All of these corrosion results indicate that the chloride ions in the Ringer’s solution induce a competition between the local formation and the destruction of the passive film formed on the surface of the different CoCrMo samples. This corrosion mechanism leads to the charge transfer resistance R ct decrease and to the double layer capacitance C dl increase during immersion in Ringer’s solution. It can be noticed that for the S15 sample, the R ct value remains higher than that of the W sample. R f is the electrical resistance of ion transfer through the passive film pores, its value is maximum for the S15 and S15-P samples. The R f value evolution indicates that the electrolyte diffusion into the passive film pores is maximum in the case of W and W-P samples while it is strongly reduced after the SMAT because of the surface grains refinement.

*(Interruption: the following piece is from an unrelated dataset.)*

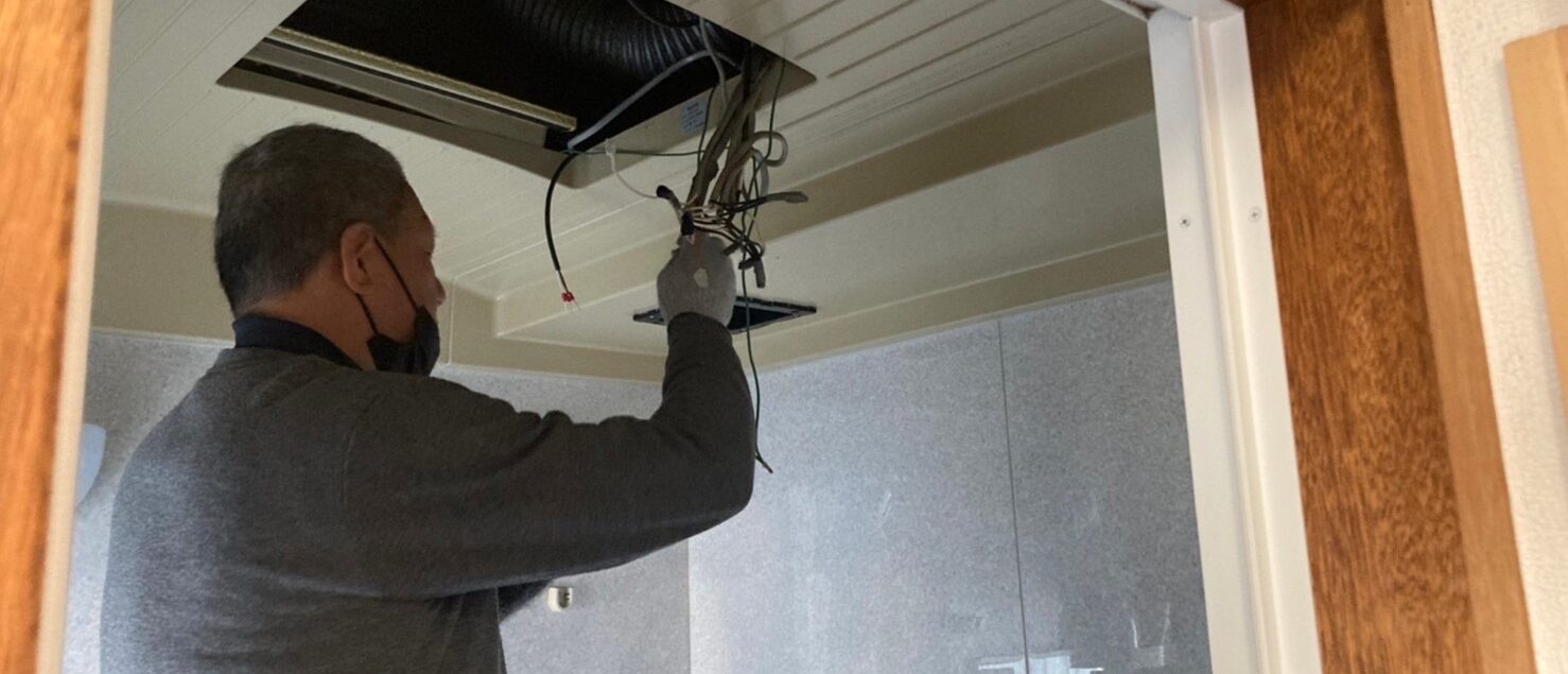 電気器具のリフォーム 2022年11月19日 ブログ 本日は、喜多町の町内で、電気器具のリフォームを行いました。 電気屋さんの浅見さんと、中道の立ち合いで、換気扇とインターホンの交換に行ってきてもらいました! ひとつは、浴室ユニットバスの天井換気扇。もう20年くらい経っているので、後継品を探して交換。 次はインターホン。今までは、一般的なインターホンでしたが、新しいインターホンは、パナソニックのテレビドアホンです。モニターが付いているため、誰が来たかがわかります。 浅見さんに丁寧に説明してもらいました^^ 仏壇スペースを考える 飲食店リノベ 造作中

On the other hand, the capacitance of the passive film C dl formed on the S15 surface is approximately twice lower than that of the W sample. This result shows that the SMAT reduces the active surface area and increases the thickness of the passive film. Compared with the W sample, the formation of this passive film in the case of S15 sample leads to a better protection of the CoCrMo alloy in Ringer’s solution, as shown by the EIS diagrams [12, 26]. Indeed, the SMAT process has produced many severe plastic deformations in the CoCrMo alloy that caused a large number of dislocations and stacking faults [29]. These structural changes have induced numerous diffusion pathways for oxygen that quickly increased the sub-surface oxygen content. Consequently, the SMAT process has promoted the formation of a dense passive layer at the surface of the CoCrMo alloy that improves the protection of the metallic implant against corrosion in an aggressive physiological solution.

Conclusion

In this study, the corrosion behavior of untreated and mechanically treated CoCrMo alloys was evaluated by potentiodynamic measurements and electrochemical impedance spectroscopy. These electrochemical studies reveal that the surface mechanical attrition treatment (SMAT) of the CoCrMo alloy by using 3-mm balls for 15 min promotes the passive film formation and increases the corrosion resistance during immersion in Ringer’s solution. Indeed, after SMAT, the CoCrMo alloy shows a more positive corrosion potential and a lower corrosion current density. It is also shown that the specific biomedical polishing coupled with the SMAT process does not alter the advantages of the surface passivation generated by the SMAT.